BAB III - Marionette

84 11 0
                                    

"HAH?!!!!"

Aku bangkit dari tidurku, mencerna kata perkata dari ucapan Raze. Seakan tahu kalau itu akan memakan waktu yang lama, dengan wajah tak bersalahnya Raze kembali melanjutkan bacaan bukunya.

Dan saat aku tersadar akan perkataannya, otakku lebih dulu memproses hal yang lebih penting.

Jangan teriak.

Kalau kau tahu alasan mengapa diberi nama 'Asrama laki-laki', maka jangan teriak. Batinku seolah punya pemikiran sendiri.

Aku menarik nafas dalam-dalam, tanpa membuat keributan dan setenang mungkin bertanya. "Bagaimana caramu membawaku diantara ratusan pasang mata yang akan melihatku?"

Kalau Raze menjawabnya, aku bisa pergi dari sini. Tunggu, pergi ke mana memangnya? Ah, ke manapun asal bukan di tempat ini.

"...terbang?" balasnya pendek tanpa menoleh sedikitpun.

Aku menepuk dahiku dengan tangan, dia tidak salah justru akulah yang salah, seharusnya pertanyaanku lebih panjang dan spesifik lagi!

"Bukan itu maksudku. Kau tidak mungkin kesini tanpa dilihat orang kan, tapi kau berhasil membawaku masuk. Bagaimana caramu melakukannya? Apakah di sini ada jalan rahasia? Kalau ada, tolong katakan padaku."

"Kau berisik, diamlah." bentaknya dengan nada dingin cukup dengan tiga kata.

Berhentilah Atha! Umur laki-laki itu akan berkurang kalau menjawab pertanyaanmu!
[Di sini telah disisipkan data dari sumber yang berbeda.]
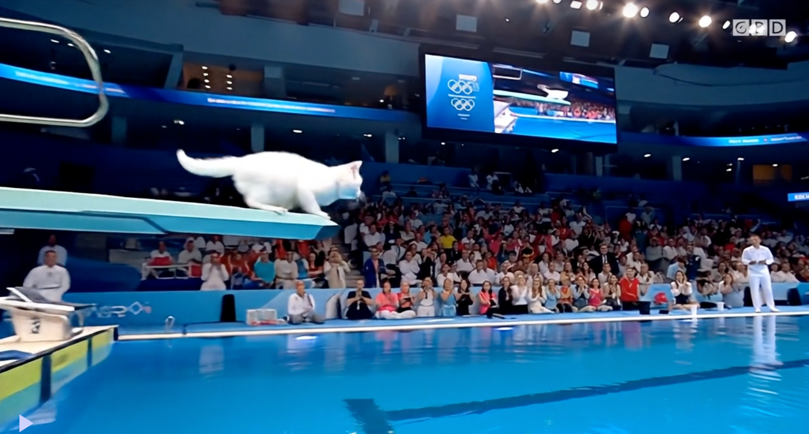 电视转播的奥运会跳水池,一只毛茸茸的小白猫从8米高的跳水板上纵身跳入游泳池,在空中做出优雅的翻转动作,四肢张开如同展翅飞翔,动作正常速度,不是慢动作。现场观众被这可爱的一幕逗得哈哈大笑,解说员也忍不住称赞"太萌了"。音效:轻柔的水花溅起声、观众的欢笑声和"哇"的惊叹声、解说员温馨幽默的解说声。

Aku mendengus sebal dan melihat celah jendela, ada banyak orang yang terbang dengan sapunya ... persis seperti dunia dongeng yang sering kubaca waktu kecil. Dan juga waktu masih kecil aku sering memimpikan dunia ini. Atau karena Thermite sudah menjelaskannya dengan baik sehingga aku tidak sekaget itu saat kedua kali melihatnya.

"Atha ...."

"Ya?" sahutku mengernyitkan dahi, aku tidak salah dengar kan, Raze baru saja memanggilku kan, karena kalau aku salah dengar sungguh harus ditaruh mana wajahku. Mungkin dia akan mengejekku, atau bisa lebih parah lagi.

"Tidak ada. Aku hanya bergumam."

Aku mengepalkan tangan hendak memukul wajahnya, tapi melihat situasinya yang tidak akan menguntungkanku, jadi kuurungkan. Benar-benar sebuah padadox.

Raze tidak berpindah posisi, dia masih setia dengan bukunya bahkan setelah waktu berlalu. Aku tidak tahu jam berapa sekarang, tidak ada jam sejauh mata memandang.

Aku bisa mencium aroma cokelat dari ruangannya, sepertinya bau itu datang dari salahsatu ramuan yang berjajar rapi di kamarnya. Mengingat kalau dia adalah laki-laki, aku cukup takjub dengan caranya menata barang.

Atau jangan-jangan kekuatannya adalah menata sesuatu menjadi simetris?

"Raze ... kekuatanmu sihirmu apa?" tanyaku penasaran, Thermite bisa mengendalikan suhu dan sudah pasti Raze juga punya kemampuan sihir.

Raze tidak menjawab dan pada detik selanjutnya aku tersadar.

Kenapa kau malah bertanya lagi Atha?!

Raze menolehku sebentar, lalu dengan dinginnya menjawab, "Bukan urusanmu."

Aku ingin pergi dari sini!!!

Trinnnnggggg....

Trinngg!!

"Raze kau di dalam? Aku bersama Shia-sensei."

Tringggg!!!

Belum lagi kesal karena perlakuan Raze yang menyebalkan itu, aku mendengar suara seorang gadis dari pintu berbentuk lengkungan itu. Dari suaranya yang tidak asing aku tahu dia adalah gadis pengendali suhu yaitu Thermite.